I've been catching up on the blog of a midwestern journalist, see for yourself at www.lileks.com. Star Trek fan (weren't we all?), mac-nut, parent, and a returned-to-the-midwest boy. And somehow, he became a conservative. Good liberal upbringing, now he's the token-right at a paper I used to read. Odd. *
The thing is that reading more than a couple at a time, you start to think you know the writer. I suppose that this is like the fans who think the actors are the characters. This maybe a bit more immediate, since you're bonding with the author. I get this creepy feeling like I'm eavesdropping or stalking him and family after a while. While I hate that feeling, I DO want to interview him. I'd dig the chance to ask about that conversion, why did he start to think the way he does? In part, because I see his point many times in his stories, though I reject the conclusion or over-arching philosophy.
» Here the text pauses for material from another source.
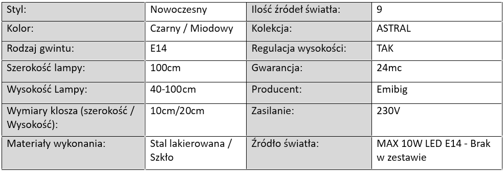 Lampa Wisząca Astral Klosz Miodowy / 9xE14

Every time I think I've got the big picture, I realize how disjointed my thinking is, and hence the motivation to understand his. My belief is that we could spend HOURS waxing on about architecture (see his site), and agree on oh-so many things, and then end with us still polar opposites. (I am a returned-modernist, after living by every word of Tom Wolfe's “From Bauhaus to Our House”) So I want to understand this politco-economic shift.
There is no conceivable way I'd ever stop thinking that gov't is for the people, and privatize (outsource) every service needed to keep society going. But then, I really like Ayn Rand. Karl, my audio-engineering friend, was the first Libertarian I ever met, and so much made sense, it's just that I wasn't buying it all. I still try to understand and explain the value of money according to his beliefs. (The labor standard instead of the gold standard.) So this Lileks guy just seems like we've been chatting for a while, so we know each other, right? I mean, look at all I've learned about him, this is two-way, right? Ahh, the ape-descended life-forms discover again the subtleties of “seeing you doesn't guarantee that you see me” of modern technology. All communication is not two-way. You need to thin
k about that for a while, because when we spent time foraging and grooming, all communication was two-way and immediate. Line of Sight (LOS) defined everything, and our broadcast-senses (smell & hearing) allowed a very limited deviation from that scheme. Considering the size of our visual cortex, we can be forgiven for forgetting those broadcast-senses' significance. Do you suppose a dog thinks the same way? Sure, good eyes, but compared to us, extraordinary nose and ears. Would a dog-invented internet be better comprehended by its creators? Would a hawk-invented one seem utterly incomprehensible to its end-users? So I'm wresting myself away from the unilateral intimacy that reading a month of columns by one author has formed in me. I have naught to offer the dinner-conversation anyway. And I can't hang around cigar-smokers without O2 handy...
2025 Note: Mr. Lileks is now quite the backroom mover-shaker in the conservative party. At least here in the midwest, he’s rubbing elbows with the local high-and-mighty. No idea what his opinions are on the MAGA-in-chief, or SCOTUS’ work. Given he has a college-aged daughter, he might surprise me.